Glossary of copyright terms and concepts
Some of the items below are excerpted from the Copyright Law, Title 17, U.S. Code, and are cited as "US Code". See http://www.copyright.gov/title17/92chap1.html#101.
An "anonymous work" is a work on the copies or phonorecords of which no natural person is identified as author. (US Code)
An "architectural work" is the design of a building as embodied in any tangible medium of expression, including a building, architectural plans, or drawings. The work includes the overall form as well as the arrangement and composition of spaces and elements in the design, but does not include individual standard features. (US Code)
"Audiovisual works" are works that consist of a series of related images which are intrinsically intended to be shown by the use of machines or devices such as projectors, viewers, or electronic equipment, together with accompanying sounds, if any, regardless of the nature of the material objects, such as films or tapes, in which the works are embodied. (US Code)
A "collective work" is a work, such as a periodical issue, anthology, or encyclopedia, in which a number of contributions, constituting separate and independent works in themselves, are assembled into a collective whole. (US Code)
A "compilation" is a work formed by the collection and assembling of preexisting materials or of data that are selected, coordinated, or arranged in such a way that the resulting work as a whole constitutes an original work of authorship. The term "compilation" includes collective works. (US Code)
A "computer program" is a set of statements or instructions to be used directly or indirectly in a computer in order to bring about a certain result. (US Code)
"Copies" are material objects, other than phonorecords, in which a work is fixed by any method now known or later developed, and from which the work can be perceived, reproduced, or otherwise communicated, either directly or with the aid of a machine or device.
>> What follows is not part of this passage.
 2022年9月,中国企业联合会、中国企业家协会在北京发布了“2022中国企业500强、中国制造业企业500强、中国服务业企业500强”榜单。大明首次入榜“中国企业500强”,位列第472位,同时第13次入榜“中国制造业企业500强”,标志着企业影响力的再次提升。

The term "copies" includes the material object, other than a phonorecord, in which the work is first fixed. (US Code)
Copyright (See also "Intellectual Property")
Copyright is a bundle of exclusive rights granted to the owner (which may or may not be the creator) of an original work of authorship for a limited period of time during which the owner of the copyright may use these rights to maintain literary, artistic and commercial control of their intellectual property. The following types of works may be protected by copyright: literary works, musical works, dramatic works, pantomimes and choreographic works, pictorial, graphic, and sculptural works, motion pictures and other audiovisual works, sound recordings and architectural works. Copyright cannot protect ideas, procedures, processes, systems, methods of operation, concepts, principles or discoveries although some of these may be protected under patents or trademarks. The exclusive rights granted the copyright owner include: the right to reproduce the copyrighted work in copies or phonorecords, the right to prepare derivative works, the right to distribute copies by sale, transfer, rental or lending, to perform the work publicly, to display the work publicly and in the case of sound recordings to perform the work publicly by means of a digital transmission. These exclusive rights are limited by fair use.
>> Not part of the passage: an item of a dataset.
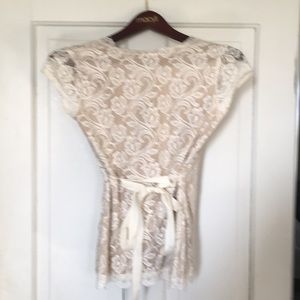 Beige and lace top. Wear alone, or over a tank to dress it up :)

"Copyright owner", with respect to any one of the exclusive rights comprised in a copyright, refers to the owner of that particular right. (US Code) [NB: the exclusive rights granted by copyright may be sold outright or licensed individually on an exclusive or non-exclusive basis permanently or for a limited period of time.]
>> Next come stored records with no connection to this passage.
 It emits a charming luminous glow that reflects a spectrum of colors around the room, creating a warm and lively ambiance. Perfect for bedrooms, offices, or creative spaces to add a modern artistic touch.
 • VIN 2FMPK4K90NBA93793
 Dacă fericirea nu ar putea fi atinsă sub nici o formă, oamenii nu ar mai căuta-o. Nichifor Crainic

A work is "created" when it is fixed in a copy or phonorecord for the first time; where a work is prepared over a period of time, the portion of it that has been fixed at any particular time constitutes the work as of that time, and where the work has been prepared in different versions, each version constitutes a separate work. (US Code)
A "derivative work" is a work based upon one or more preexisting works, such as a translation, musical arrangement, dramatization, fictionalization, motion picture version, sound recording, art reproduction, abridgment, condensation, or any other form in which a work may be recast, transformed, or adapted. A work consisting of editorial revisions, annotations, elaborations, or other modifications, which, as a whole, represent an original work of authorship, is a "derivative work". (US Code)
A "digital transmission" is a transmission in whole or in part in a digital or other non-analog format. (US Code)
To "display" a work means to show a copy of it, either directly or by means of a film, slide, television image, or any other device or process or, in the case of a motion picture or other audiovisual work, to show individual images nonsequentially. (US Code)
Fair use limits the exclusive rights of copyright owners and gives the user rights to reproduce in copies or phonorecords for "purposes such as criticism, comment, news reporting, teaching (including multiple copies for classroom use), scholarship, or research." (US Code) This is NOT an infringement. However, four factors must always be considered in determining fair use: "the purpose and character of use, including whether such use is of a commercial nature or is for nonprofit educational purposes; the nature of the copyrighted work; the amount an substantiality of the portion used in relation to the copyrighted work as a whole; and the effect of the use upon the potential market for or value of the copyrighted work." (US Code)
A work is "fixed" in a tangible medium of expression when its embodiment in a copy or phonorecord, by or under the authority of the author, is sufficiently permanent or stable to permit it to be perceived, reproduced, or otherwise communicated for a period of more than transitory duration. A work consisting of sounds, images, or both, that are being transmitted, is "fixed" for purposes of this title if a fixation of the work is being made simultaneously with its transmission. (US Code)
Another limitation on the exclusive rights of the copyright owner is the so called "First Sale Doctrine." According to section 109: "...the owner of a particular copy or phonorecord lawfully made under this title, or any person authorized by such owner, is entitled, without the authority of the copyright owner, to sell or other wise dispose of the possession of that copy or phonorecord." (US Code)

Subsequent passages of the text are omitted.